YOUR ASSIGNMENT - Though the entries hold pictures, only their text should be duplicated, exactly and in full.

EXERCISE INPUT -
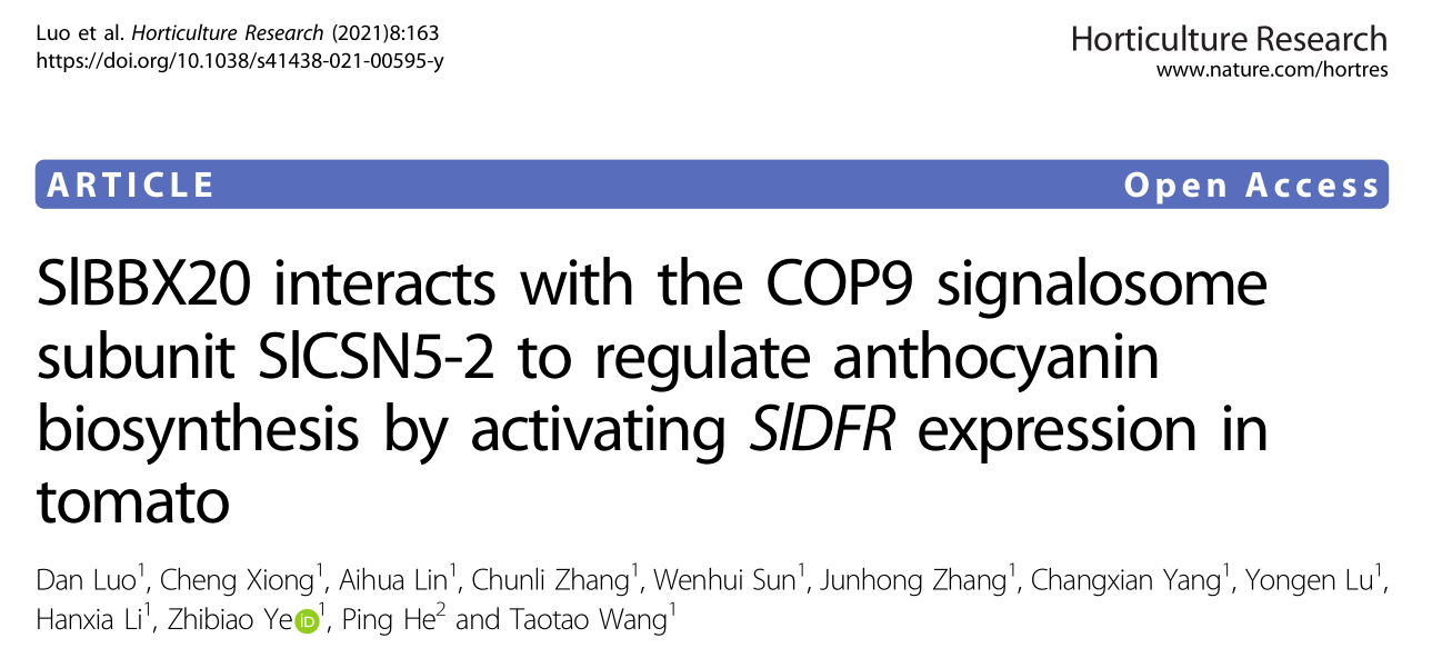 近日,公司番茄团队发现超量表达SlBBX20 后花青素积累增多,提出了SlBBX20-SlCSN5-2互作调控番茄叶片花青素积累的模型,该研究揭示了光诱导花青素生物合成的一个新的调控途径。相关研究成果发表在国际学术期刊Horticulture Research上。
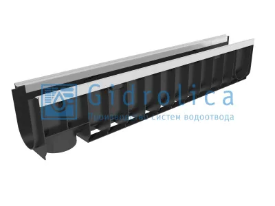 Пластиковый лоток повышенной пропускной способности (до 9 л/мин), усиленный по продольным кромкам металлическими пластинами с выемками под водоприемную решетку, предназначен для установки в местах скопления дождевых/снеговых вод: на тротуарах, по обочинам автодорог небольшой пропускной способности, на автостоянках, предприятиях автосервиса.
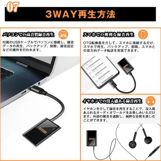 【OTG対応でデータ移行も簡単!】OTG対応しており、iPhoneやアンドロイドデバイスに簡単にデータ移行が可能です。アプリを介さず、直接データをスマートフォンに送ることができるため、便利かつスムーズに録音データを共有できます。多忙なビジネスマンや研究者にとって、重要な録音データを迅速に移行・確認できる機能は大変ありがたいです。
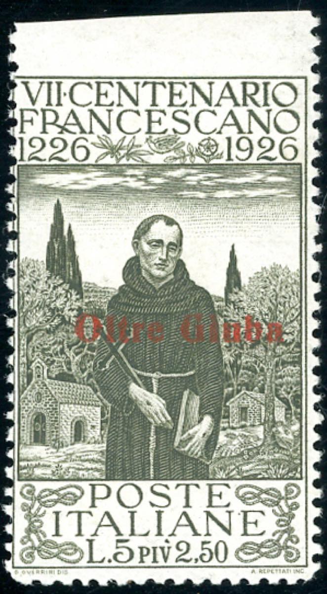 Lot 2568 - 1926 - 5 + 2,50 lire San Francesco, non dentellato in alto ...
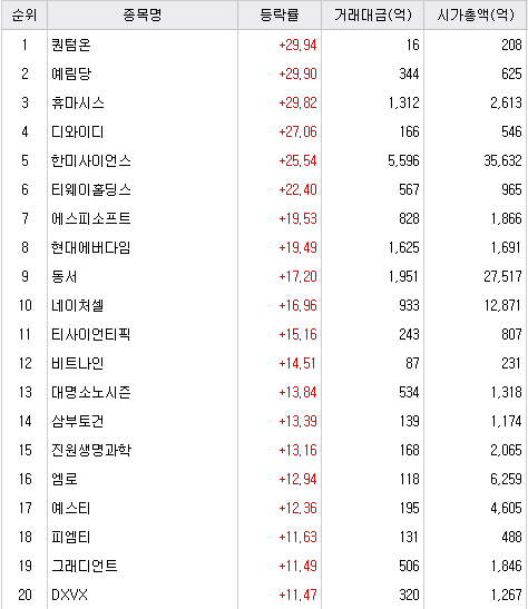 - 한미사이언스 (+25%)
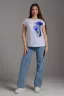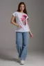 Футболка полуприлегающего силуэта, средней длины, с округлой горловиной. Рукав цельнокроеный, короткий.
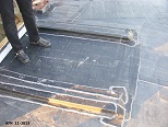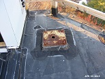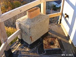 On the roof deck, the original rails for the sliding trap-door (or scuttle), now weather-sealed. |
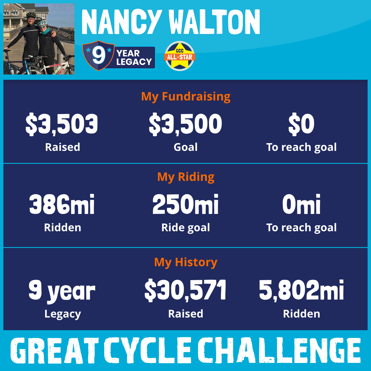 This September, I am taking part in the Great Cycle Challenge to fight kids' cancer! I have participated for the past 8 years and with your generous support I have cumulatively raised over $27,000.00! YOU are making a difference and I thank you!
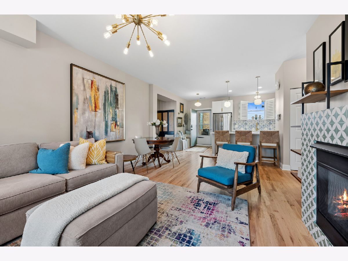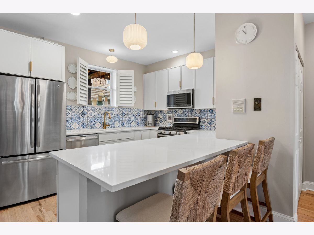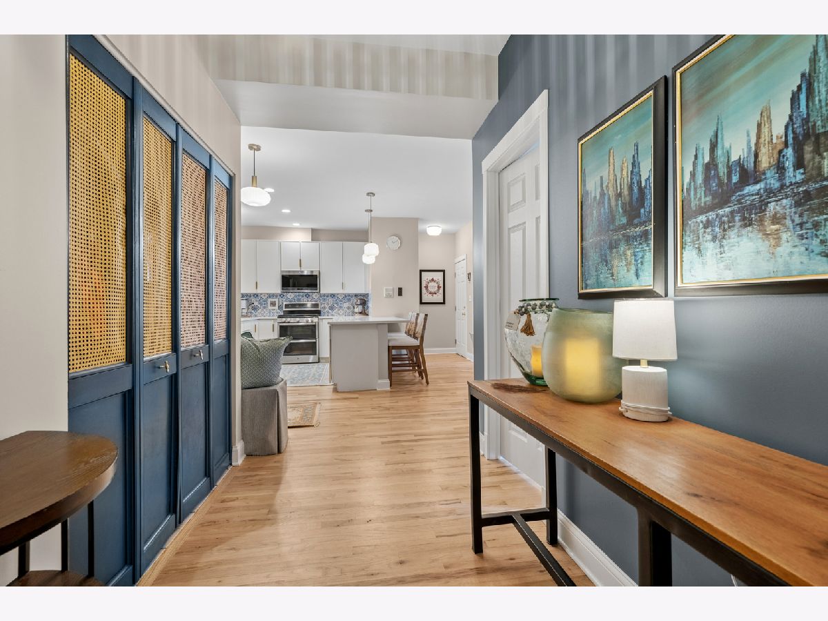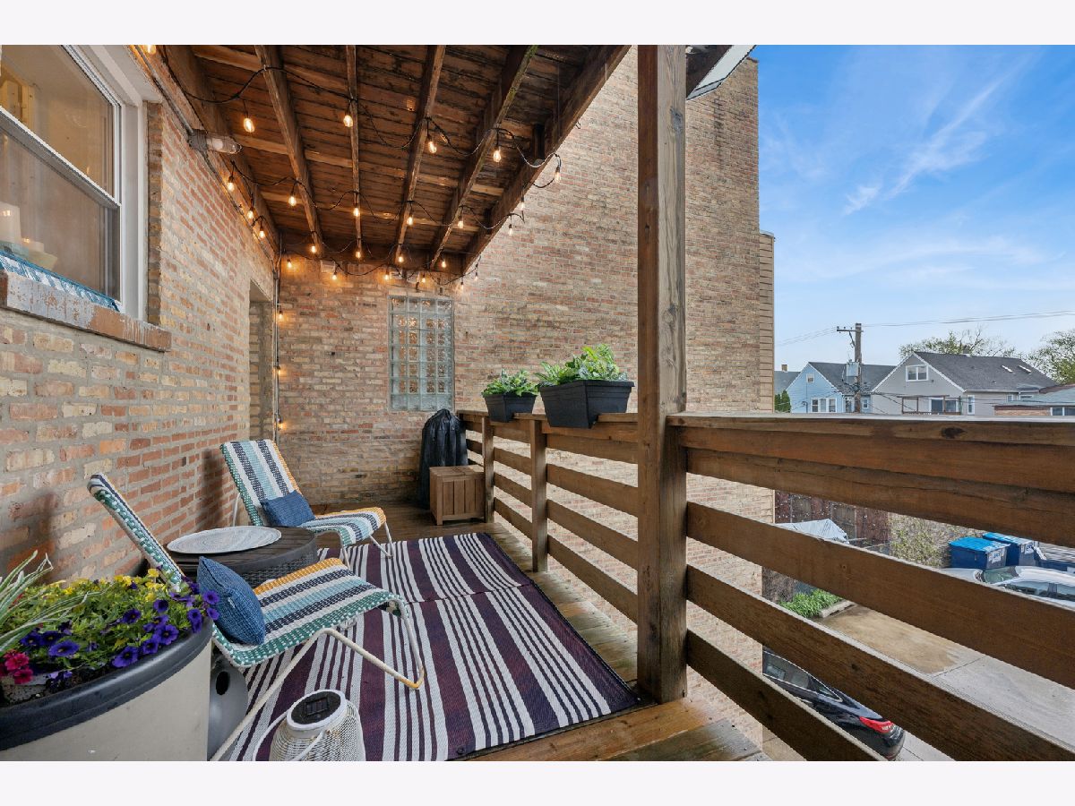 Nestled on a sun-drenched, tree-lined street in the beautiful Irving Park area, this home was thoughtful reimagined and offers an exceptional blend of style, function, and location-with easy access to public transportation and nearby highway access for a seamless city commute. Completely transformed within the past year, the residence features high-quality updates throughout. The redesigned kitchen was reconfigured into an open-concept layout ideal for modern living and entertaining, featuring refreshed cabinetry, quartz countertops, breakfast bar, and stainless steel appliances, opening to a bright living and dining area. Newly added hardwood flooring extends into the kitchen, and all floors have been professionally refinished for a clean, contemporary feel. The primary suite offers a peaceful retreat with an updated full bath and exceptional custom closet space. The second bedroom comfortably fits a queen bed, making it ideal for guests, a nursery, or home office. A second full bath adds convenience. Enjoy a large private porch with beautiful morning sun-perfect for coffee, relaxing, or entertaining outdoors. Additional highlights include custom lighting, new windows with custom blinds, fresh paint, newer mechanicals, and in-unit washer and dryer. This professionally managed, well maintained building includes generous storage and a bike room. Deeded parking-a true neighborhood rarity-adds significant value and convenience. Turnkey home in a highly desirable Irving Park location-thoughtfully updated and move-in ready.
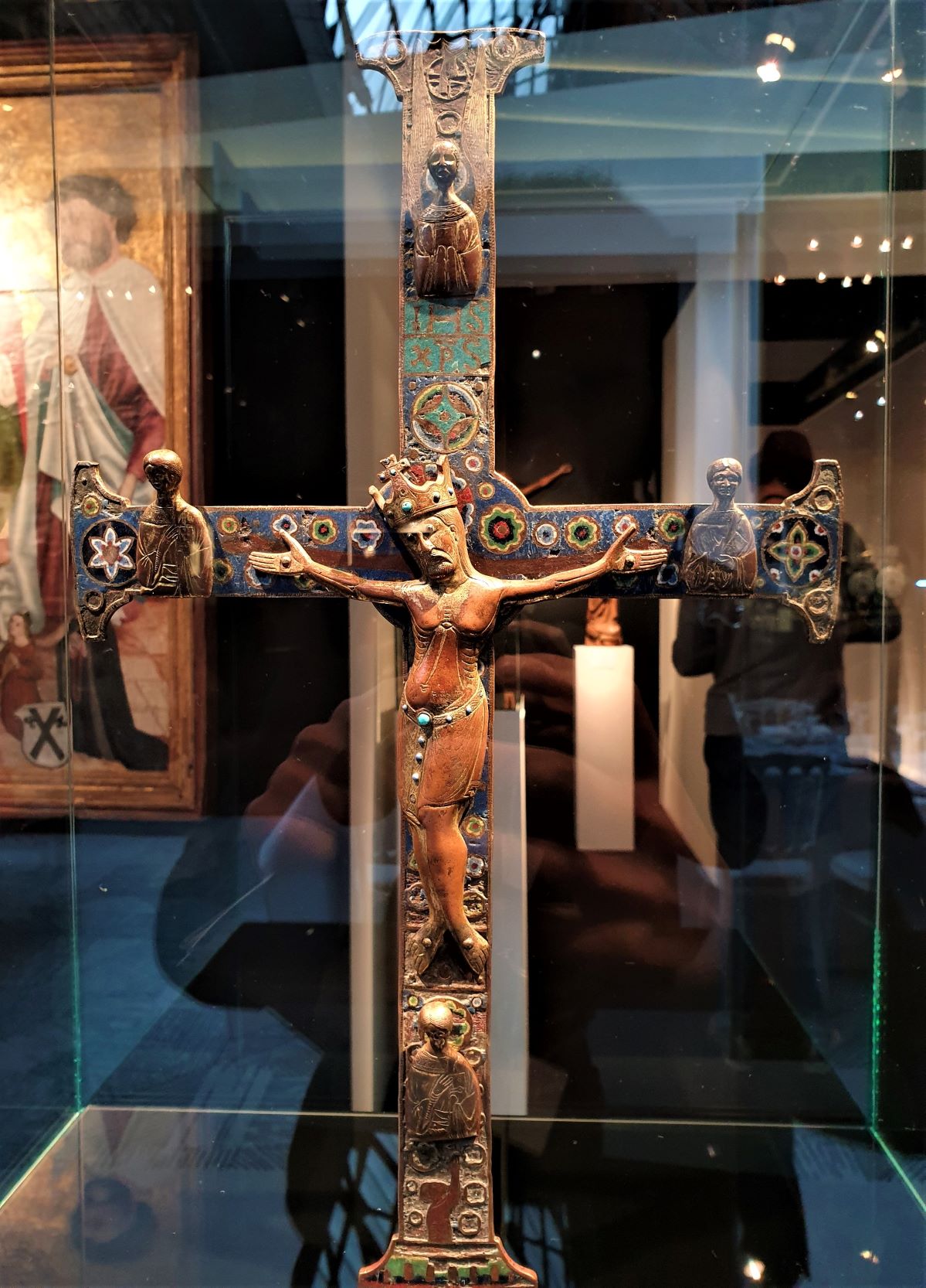 Croce di Limoges, 1220. Pregiato pezzo di rame dorato, impreziosito con smalti, gemme e cristalli di rocca. Da De Backker Medieval Art

WRITTEN RESPONSE -
 近日,公司番茄团队发现超量表达SlBBX20 后花青素积累增多,提出了SlBBX20-SlCSN5-2互作调控番茄叶片花青素积累的模型,该研究揭示了光诱导花青素生物合成的一个新的调控途径。相关研究成果发表在国际学术期刊Horticulture Research上。
 Пластиковый лоток повышенной пропускной способности (до 9 л/мин), усиленный по продольным кромкам металлическими пластинами с выемками под водоприемную решетку, предназначен для установки в местах скопления дождевых/снеговых вод: на тротуарах, по обочинам автодорог небольшой пропускной способности, на автостоянках, предприятиях автосервиса.
 【OTG対応でデータ移行も簡単!】OTG対応しており、iPhoneやアンドロイドデバイスに簡単にデータ移行が可能です。アプリを介さず、直接データをスマートフォンに送ることができるため、便利かつスムーズに録音データを共有できます。多忙なビジネスマンや研究者にとって、重要な録音データを迅速に移行・確認できる機能は大変ありがたいです。
 Lot 2568 - 1926 - 5 + 2,50 lire San Francesco, non dentellato in alto ...
 - 한미사이언스 (+25%)
 Футболка полуприлегающего силуэта, средней длины, с округлой горловиной. Рукав цельнокроеный, короткий.
 On the roof deck, the original rails for the sliding trap-door (or scuttle), now weather-sealed. |
 This September, I am taking part in the Great Cycle Challenge to fight kids' cancer! I have participated for the past 8 years and with your generous support I have cumulatively raised over $27,000.00! YOU are making a difference and I thank you!
 Nestled on a sun-drenched, tree-lined street in the beautiful Irving Park area, this home was thoughtful reimagined and offers an exceptional blend of style, function, and location-with easy access to public transportation and nearby highway access for a seamless city commute. Completely transformed within the past year, the residence features high-quality updates throughout. The redesigned kitchen was reconfigured into an open-concept layout ideal for modern living and entertaining, featuring refreshed cabinetry, quartz countertops, breakfast bar, and stainless steel appliances, opening to a bright living and dining area. Newly added hardwood flooring extends into the kitchen, and all floors have been professionally refinished for a clean, contemporary feel. The primary suite offers a peaceful retreat with an updated full bath and exceptional custom closet space. The second bedroom comfortably fits a queen bed, making it ideal for guests, a nursery, or home office. A second full bath adds convenience. Enjoy a large private porch with beautiful morning sun-perfect for coffee, relaxing, or entertaining outdoors. Additional highlights include custom lighting, new windows with custom blinds, fresh paint, newer mechanicals, and in-unit washer and dryer. This professionally managed, well maintained building includes generous storage and a bike room. Deeded parking-a true neighborhood rarity-adds significant value and convenience. Turnkey home in a highly desirable Irving Park location-thoughtfully updated and move-in ready.
 Croce di Limoges, 1220. Pregiato pezzo di rame dorato, impreziosito con smalti, gemme e cristalli di rocca. Da De Backker Medieval Art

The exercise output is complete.